*** Task input ***
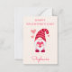 Cute classroom Valentine's Day card featuring an illustration of a cute gnome holding a heart. Personalize the front of the Valentine's Day card by adding a custom greeting and your name. The card reverses to display a pink heart pattern.
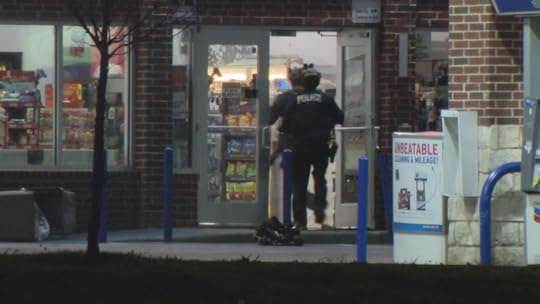 "Racks full of magazines filled the front glass wall; nothing could be seen of us below chest height. Above that line, the world was red, white, and blue.
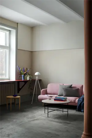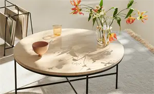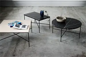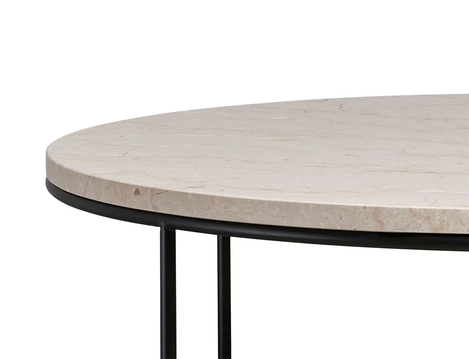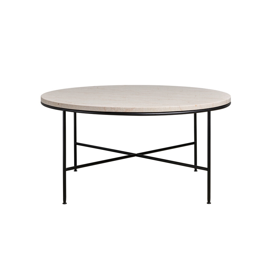 Dette sofabord fra Fritz Hansen kombinerer en rund bordplade i lys cremefarvet marmor med tynde sorte metalben. Diameteren på 80 cm giver plads til både kopper, bøger og dekorative elementer, mens den glatte marmoroverflade er nem at tørre af efter daglig brug.
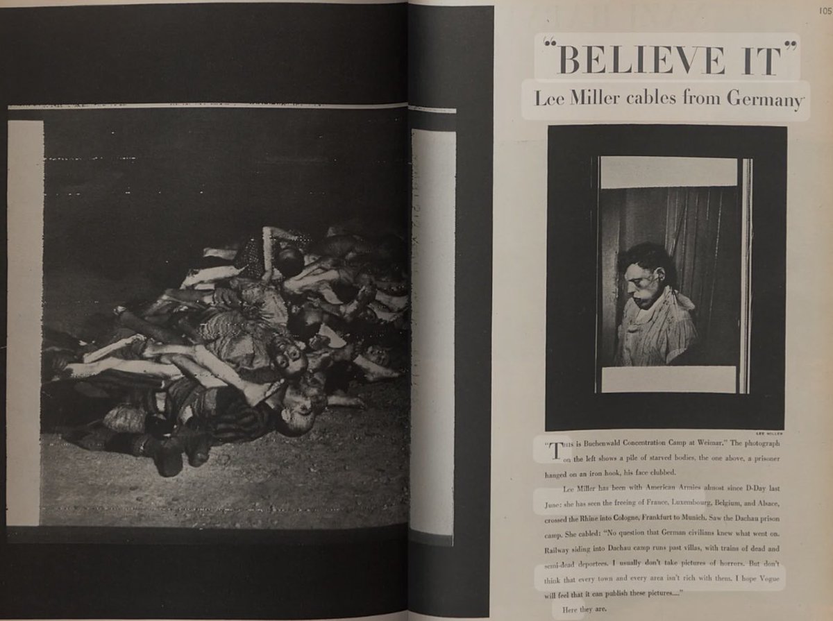 La cobertura de la Segunda Guerra Mundial fue un reto para Lee Miller. Puso a prueba su capacidad de adaptación, su fuerza y su valentía. Ella, maniquí de moda en Vogue descubierta por el propio Conde Nast, portada de la más prestigiosa revista femenina con sólo 17 años y caída en desgracia por ser imagen de un spot de compresas en la puritana EEUU, fue testigo de la liberación de los campos de concentración Dachau y Buchenwald, observó en primera persona (y los retrató) a cientos de prisioneros de mirada triste y vacía, cuerpos sin vida hacinados y cámaras de gas aún humeantes. Lee Miller, de hecho, contribuyó a que el genocidio nazi se viera en todo el mundo, incluso en una revista predominantemente femenina. El texto y las fotografías de Vogue llevaban un breve titular: «Believe It».
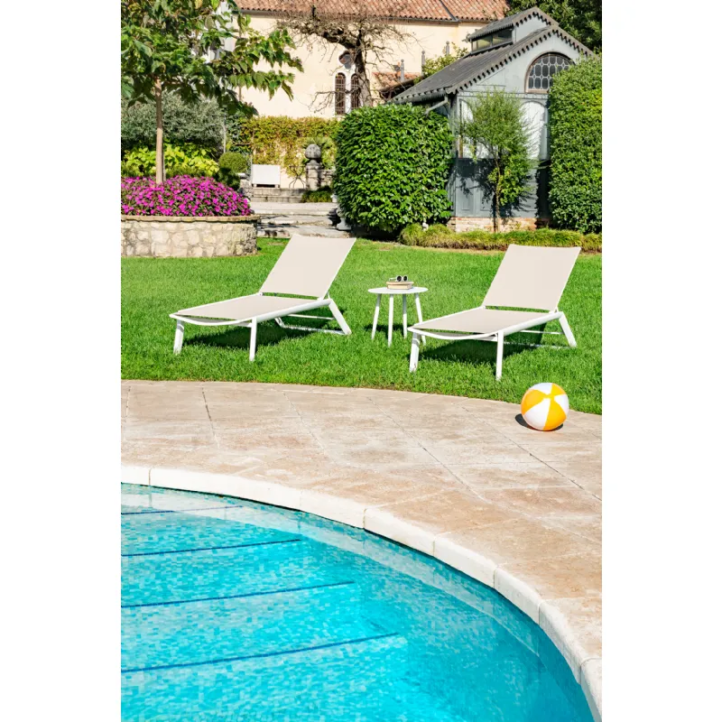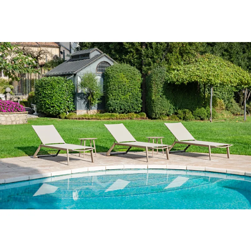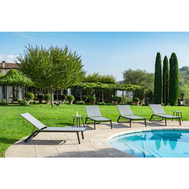 Vrtni ležalnik Dune ima aluminijasti okvir, ter ležišče iz PVC tkanine.
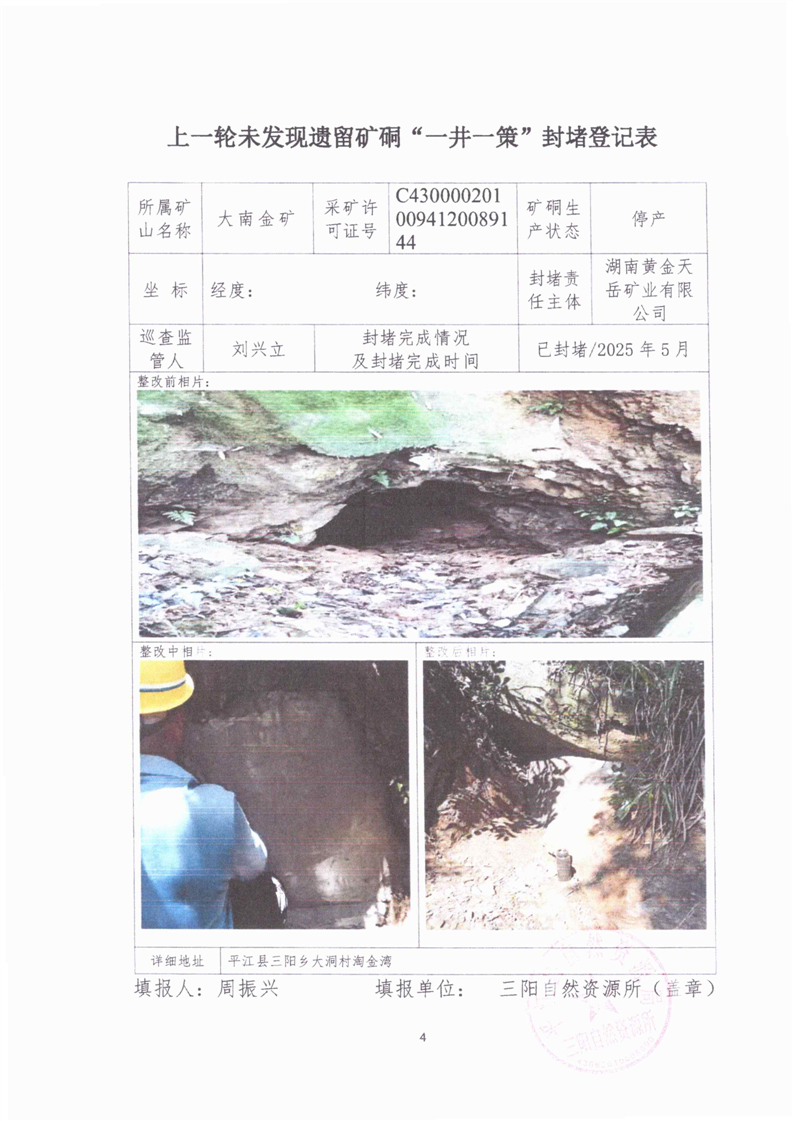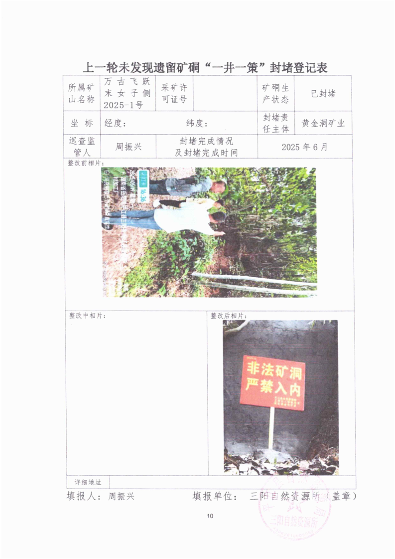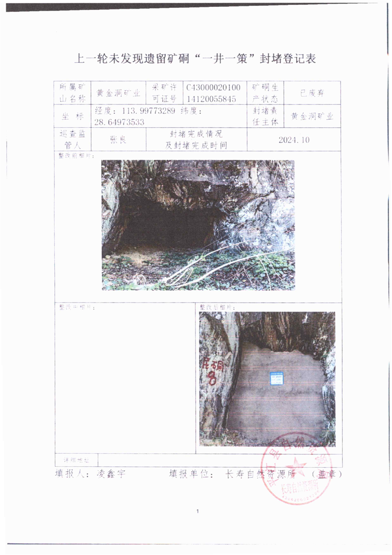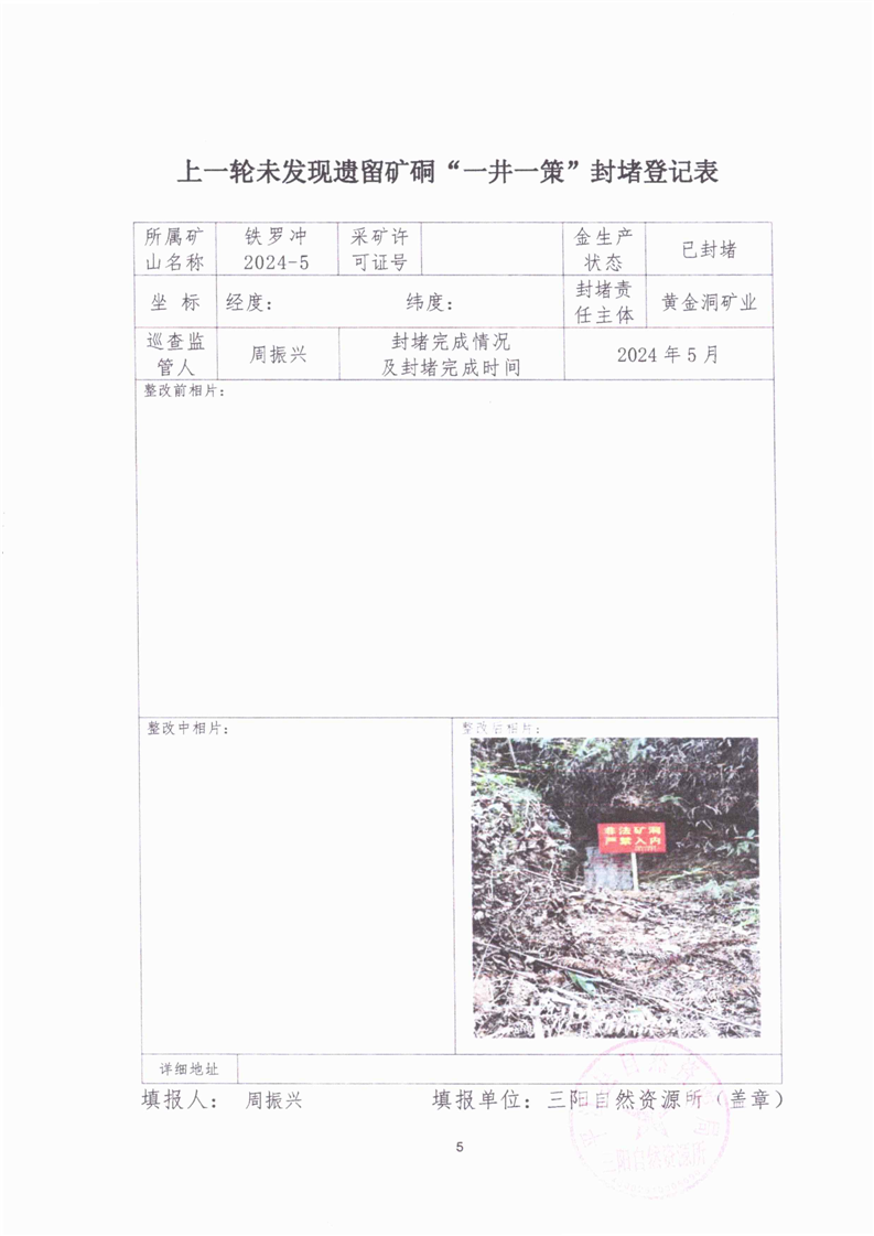 上一轮未发现遗留矿硐“一井一策”封堵登记表
*** End of Task input ***
» **Your instructions**: Emit the lines of the material exactly, from its first line to the line containing "Dette sofabord fra", inclusive; leave every picture out.

» **Expected answer**:
 Cute classroom Valentine's Day card featuring an illustration of a cute gnome holding a heart. Personalize the front of the Valentine's Day card by adding a custom greeting and your name. The card reverses to display a pink heart pattern.
 "Racks full of magazines filled the front glass wall; nothing could be seen of us below chest height. Above that line, the world was red, white, and blue.
 Dette sofabord fra Fritz Hansen kombinerer en rund bordplade i lys cremefarvet marmor med tynde sorte metalben. Diameteren på 80 cm giver plads til både kopper, bøger og dekorative elementer, mens den glatte marmoroverflade er nem at tørre af efter daglig brug.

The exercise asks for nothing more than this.